> [INFORMATION PROVIDED]:
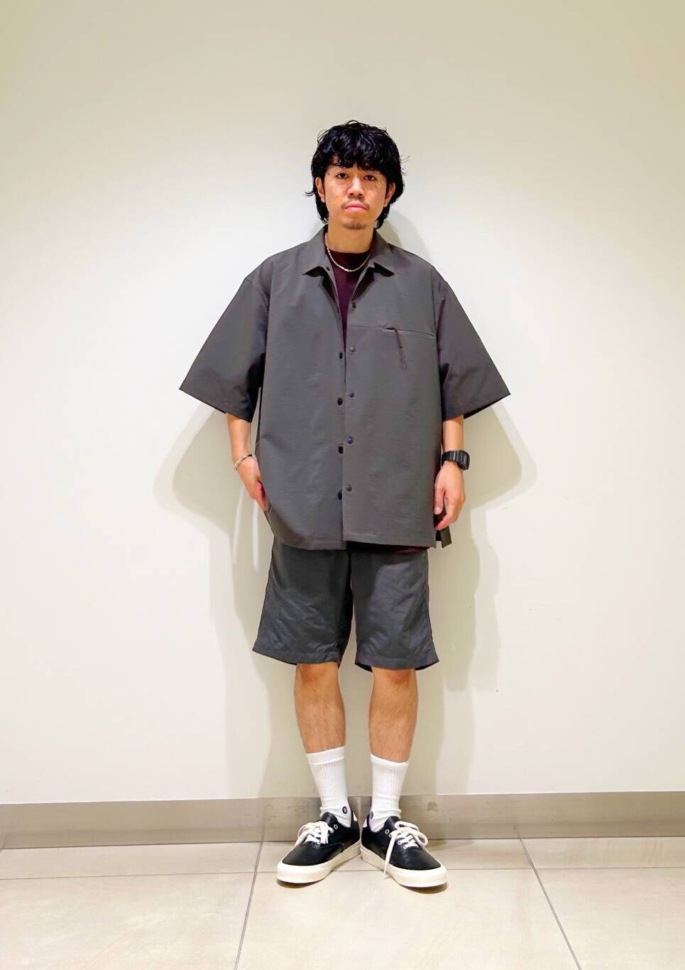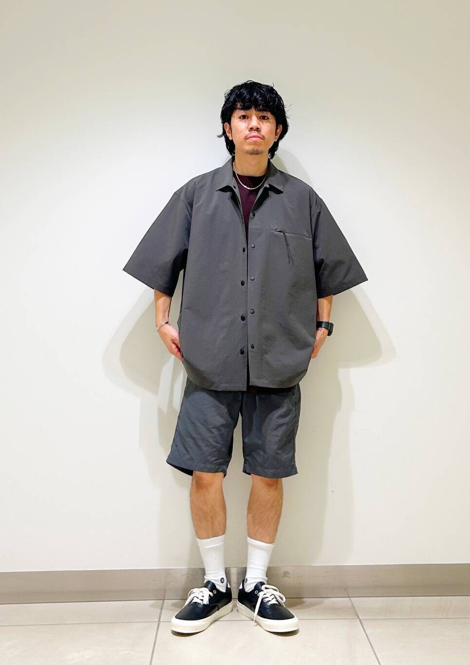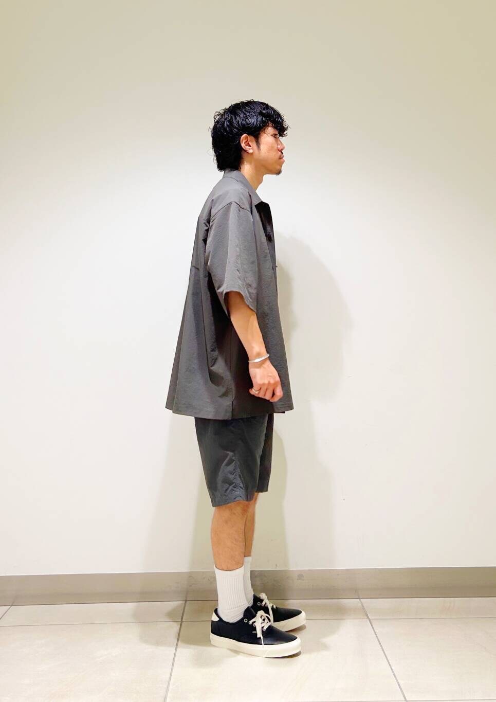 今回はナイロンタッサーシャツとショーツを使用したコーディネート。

...

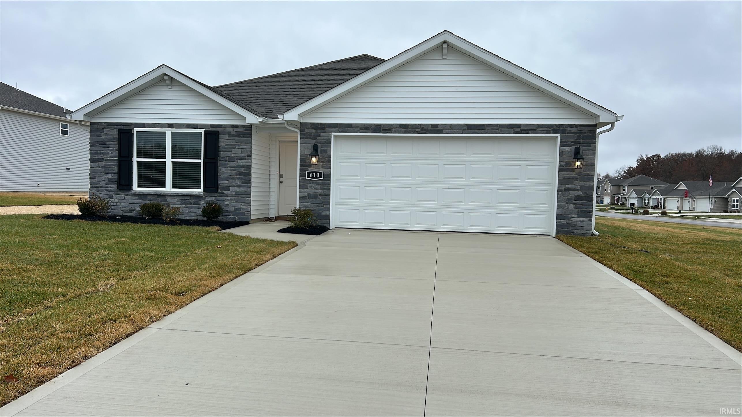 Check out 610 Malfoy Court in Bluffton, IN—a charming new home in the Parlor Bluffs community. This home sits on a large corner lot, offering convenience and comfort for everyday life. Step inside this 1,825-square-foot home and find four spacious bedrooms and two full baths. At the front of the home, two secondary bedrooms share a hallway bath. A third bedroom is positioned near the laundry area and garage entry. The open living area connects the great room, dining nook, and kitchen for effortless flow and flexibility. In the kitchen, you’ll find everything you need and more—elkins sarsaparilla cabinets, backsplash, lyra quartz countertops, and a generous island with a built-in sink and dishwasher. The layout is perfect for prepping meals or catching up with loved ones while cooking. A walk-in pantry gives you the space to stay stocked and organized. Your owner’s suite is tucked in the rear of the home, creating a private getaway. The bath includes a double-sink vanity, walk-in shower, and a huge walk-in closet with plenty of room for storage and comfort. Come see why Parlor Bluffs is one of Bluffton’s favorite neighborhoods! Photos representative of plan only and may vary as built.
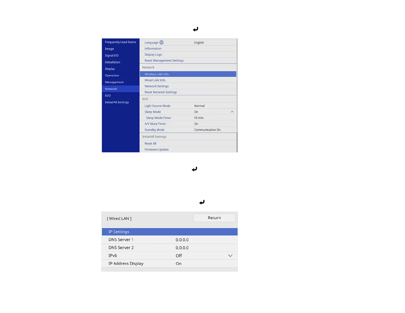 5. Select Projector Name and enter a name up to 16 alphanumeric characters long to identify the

> [WHAT THE EXERCISE ASKS]: Respond with the exact lines above running from the one containing "Check out 610" to the one containing "5. Select Projector", both ends kept and no pictures included.

> [RESPONSE]:
 Check out 610 Malfoy Court in Bluffton, IN—a charming new home in the Parlor Bluffs community. This home sits on a large corner lot, offering convenience and comfort for everyday life. Step inside this 1,825-square-foot home and find four spacious bedrooms and two full baths. At the front of the home, two secondary bedrooms share a hallway bath. A third bedroom is positioned near the laundry area and garage entry. The open living area connects the great room, dining nook, and kitchen for effortless flow and flexibility. In the kitchen, you’ll find everything you need and more—elkins sarsaparilla cabinets, backsplash, lyra quartz countertops, and a generous island with a built-in sink and dishwasher. The layout is perfect for prepping meals or catching up with loved ones while cooking. A walk-in pantry gives you the space to stay stocked and organized. Your owner’s suite is tucked in the rear of the home, creating a private getaway. The bath includes a double-sink vanity, walk-in shower, and a huge walk-in closet with plenty of room for storage and comfort. Come see why Parlor Bluffs is one of Bluffton’s favorite neighborhoods! Photos representative of plan only and may vary as built.
 5. Select Projector Name and enter a name up to 16 alphanumeric characters long to identify the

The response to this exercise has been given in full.